23rd March 2006 by Sean

Author: John Perkins confessions.jpg

The subject of this book is the thing John Grisham novels are made of. An economic planner for an international consulting firm persuades developing countries to enter into deals that make American companies rich. Somehow the NSA ties into all this as well, which I don’t exactly understand how, but I guess that’s an incentive to read it. After years of being an “economic hit man”, Perkins leaves his former life and writes his expose, despite bribes and threatenings.

I can already see major studio execs salivating over the story, corporate corruption, governmental cover-up and a lone soul that tells his story despite threatening phone calls and blown up mailboxes. Anyways it sounds like an interesting read, even if it doesn’t provide much business knowledge.

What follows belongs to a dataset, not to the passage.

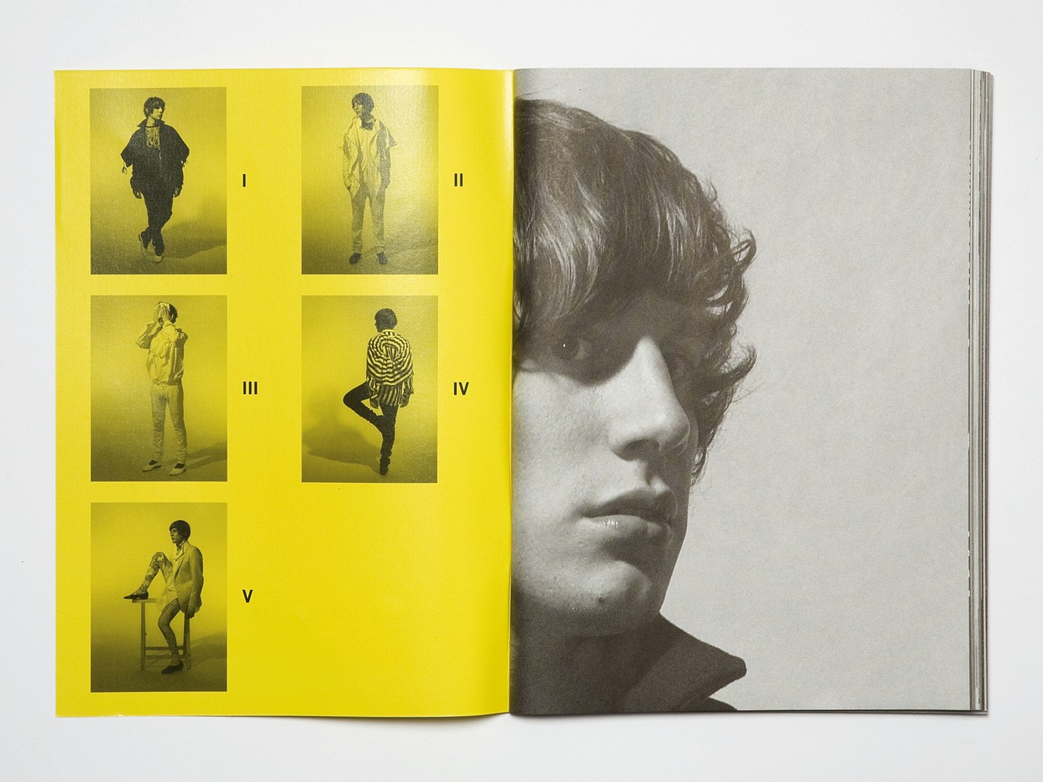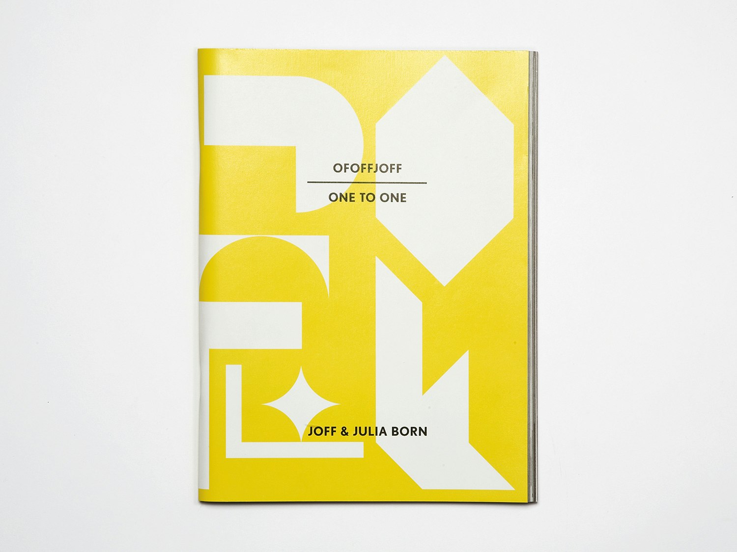 La publication 'Ofoffjoff – One To One', avec le designer de mode hollandais 'JOFF' est par exemple beaucoup plus qu'un lookbook. La graphiste décrit sa collaboration de plusieurs années avec 'JOFF' comme une recherche commune de formes de représentation non conventionnelles pour la mode. La masse et la dimension sont des éléments importants de la collection, et Julia Born les prend également en compte pour la mise en forme du livre. Elle a décidé de montrer les dix tenues en grandeur nature, réparties sur huit à douze affiches. Ainsi chaque personnage est découpé, puis recomposé dans le livre. Sur chaque double page naissent de nouvelles combinaisons et oppositions faites de vêtements, de parties du corps et d'étoffes. Les affiches font également allusion aux coupes des stars dans la revue de jeunes 'Bravo', comme d'ailleurs à la naissance progressive d'une tenue vestimentaire. La publication 'Ofoffjoff – One To One' se comprend comme un prolongement de la collection de mode, et pas seulement comme une documentation sur elle.

In the review snippets is a link to an interview between the author and democracynow.org as well as a statement from the State Department about the book. Intriguing stuff.

Get it now revised

What John Perkins says in an interview with democracynow.org.

Basically what we were trained to do and what our job is to do is to build up the American empire. To bring — to create situations where as many resources as possible flow into this country, to our corporations, and our government, and in fact we’ve been very successful. We’ve built the largest empire in the history of the world. It’s been done over the last 50 years since World War II with very little military might, actually. It’s only in rare instances like Iraq where the military comes in as a last resort. This empire, unlike any other in the history of the world, has been built primarily through economic manipulation, through cheating, through fraud, through seducing people into our way of life, through the economic hit men. I was very much a part of that.

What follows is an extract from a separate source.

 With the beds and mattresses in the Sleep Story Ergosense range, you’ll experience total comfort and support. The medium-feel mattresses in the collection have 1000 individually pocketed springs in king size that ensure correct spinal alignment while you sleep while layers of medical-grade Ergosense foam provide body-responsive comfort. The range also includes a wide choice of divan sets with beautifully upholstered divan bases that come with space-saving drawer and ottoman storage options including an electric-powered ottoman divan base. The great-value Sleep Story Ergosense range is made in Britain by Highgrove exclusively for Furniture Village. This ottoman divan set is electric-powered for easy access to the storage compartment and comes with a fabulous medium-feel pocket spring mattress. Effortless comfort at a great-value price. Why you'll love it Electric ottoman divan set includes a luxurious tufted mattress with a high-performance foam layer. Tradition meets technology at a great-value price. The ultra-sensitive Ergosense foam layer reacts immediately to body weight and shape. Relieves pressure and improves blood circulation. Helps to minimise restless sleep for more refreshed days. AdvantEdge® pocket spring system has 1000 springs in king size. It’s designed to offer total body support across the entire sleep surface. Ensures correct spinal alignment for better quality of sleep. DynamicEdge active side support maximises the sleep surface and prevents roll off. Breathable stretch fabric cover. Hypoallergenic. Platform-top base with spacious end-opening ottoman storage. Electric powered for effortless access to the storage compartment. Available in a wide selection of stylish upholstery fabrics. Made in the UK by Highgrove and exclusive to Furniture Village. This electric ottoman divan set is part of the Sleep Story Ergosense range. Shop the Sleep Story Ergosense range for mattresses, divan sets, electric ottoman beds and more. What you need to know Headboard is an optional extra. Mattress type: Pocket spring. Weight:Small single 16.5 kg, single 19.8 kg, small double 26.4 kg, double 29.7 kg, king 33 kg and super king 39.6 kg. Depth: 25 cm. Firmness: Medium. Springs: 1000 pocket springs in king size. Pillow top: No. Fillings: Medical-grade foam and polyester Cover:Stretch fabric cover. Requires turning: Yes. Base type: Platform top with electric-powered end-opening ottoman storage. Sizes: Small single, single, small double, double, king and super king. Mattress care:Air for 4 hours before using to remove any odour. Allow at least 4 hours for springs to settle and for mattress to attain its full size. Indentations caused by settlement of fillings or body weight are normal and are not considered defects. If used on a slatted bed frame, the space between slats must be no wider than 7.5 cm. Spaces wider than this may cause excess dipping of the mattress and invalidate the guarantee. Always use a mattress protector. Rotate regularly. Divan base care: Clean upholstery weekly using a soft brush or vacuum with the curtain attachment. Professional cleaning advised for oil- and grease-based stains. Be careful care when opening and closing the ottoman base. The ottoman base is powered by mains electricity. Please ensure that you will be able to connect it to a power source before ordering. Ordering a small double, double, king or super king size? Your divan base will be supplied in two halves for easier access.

What the State Department says.

Confessions of an Economic Hit Man, which Perkins says has been translated into some 20 languages, is popular because it is an exciting, first-person, cloak-and-dagger tale that plays to popular images about alleged U.S. economic exploitation of Third World countries. Perkins raises legitimate questions about the impacts of economic growth and modernization on developing countries and indigenous peoples. But his claim that he was acting as an “economic hit man” at the behest of the NSA appears to be a total fantasy.